Pt Madan Mohan Malayia was a very good friend of Master Lyallpuri. He had suggested to Master Lyallpuri that Akali should start one of their own English newspaper so that the Akal agenda and voice could reach every nook and corner of India. Accordingly, the 'Managing Board' of The Akali newspaper held a meeting under chairmanship of Lyallpuri and decided to found an English daily. The Board assigned the task to Master Lyallpuri and S Mangal Singh Gill. Lyallpuri put an advertisement in The Akali asking for donations for five Lakhs from Sikh Sangat. In response, the Punjabi fans of Master Lyallpuri from Stockton (USA) immediately wired Rs 150,000. Another Rs 70,000 was contributed by local Sikh community with the efforts of Lyallpuri. S Mangal Singh Gill and Chanchal Singh (Jandiala, Jalandhar) were made in charge of the newspaper. Pt Madan Mohan Malaviya and Master Tara Singh were members of the Managing Committee. K. S. Panikar was its first Editor. Devdas Gandhi, son of Mahatma Gandhi, was also on the editor's panel. The Managing Chairman and Chief Patron was Master Lyallpuri himself. 

The opening ceremony was performed by Mahatama Gandhi on September 15, 1924. The first issue was published from Naya Bazar, Delhi (now Swami Sharda Nand Marag). Due to lack of viable financial resources, the Hindustan Times soon came into severe grip of financial crisis so that its ownership had to be sold to Pt Madan Mohan Malayia. Even Pt Malayia could not keep it running for long and he sold it to G. D. Birla. The sale of the ownership of the Hindustan Times had caused a great mental anguish to Lyallpuri.

*Founded by a Sikh, Tribune forgot all*



In Punjab, one of the newspapers which has consistently played a very negative role as far as representing the Sikh case is concerned has been The Tribune, ironically set up by none other than a Sikh for the express purpose of represeting the Sikh view point in a better fashion.

Sardar Dyal Singh Majithia, born in 1849, belonged to an eminent and respectable Sikh family which had served Maharaja Ranjit Singh.
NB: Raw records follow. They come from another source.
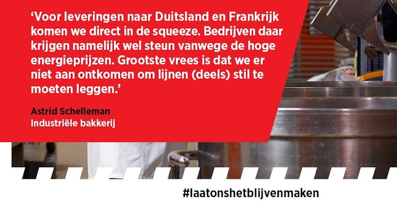 Deze week start deze week een campagne ‘Laat ons het blijven maken’ van 20 brancheorganisaties - onder begeleiding van VNO-NCW/MKB Nederland - gericht op het kabinet. Dit naar aanleiding van de problemen door stijgende energieprijzen.
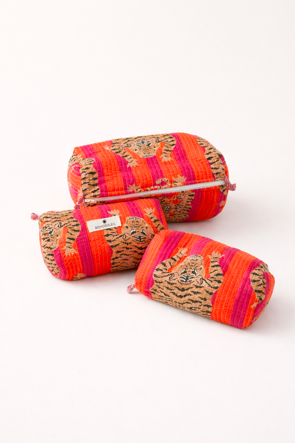 These three quilted cotton pouches make a harmonious set, perfect for the bathroom, travel, or everyday organization.
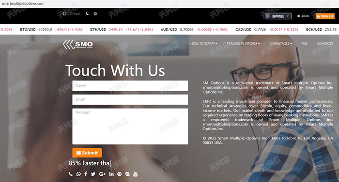 正规平台当然不敢不出金还要客户继续充值。查询SMO的官网(该网站目前还能正常打开,请警惕),其上宣称平台SM Options是Smart Multiple Options Inc.的注册商标,注册地址位于美国,是一家外汇差价合约产品投资提供商,但平台未提供具体的监管信息。
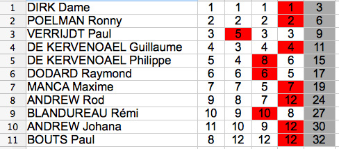 Classement Yole OK ASPRYOK (manches du samedi uniquement).

Dyal Singh later studied in England and turned out to be a man of literary pursuits. He composed verses and wrote a number of tracts on philosophical and general topics. He translated the dialogues of Raja Ram Mohan Roy, which was warmly received by the literary circles. He gave extensive financial assistance to the Brahmo Samaj Movement and helped other charitable institutions. He started the weekly “Tribune”, which became a daily after his death, but the only contribution in representing the Sikh issue has been a faithful reproduction of a photo of the founder and little else.


----------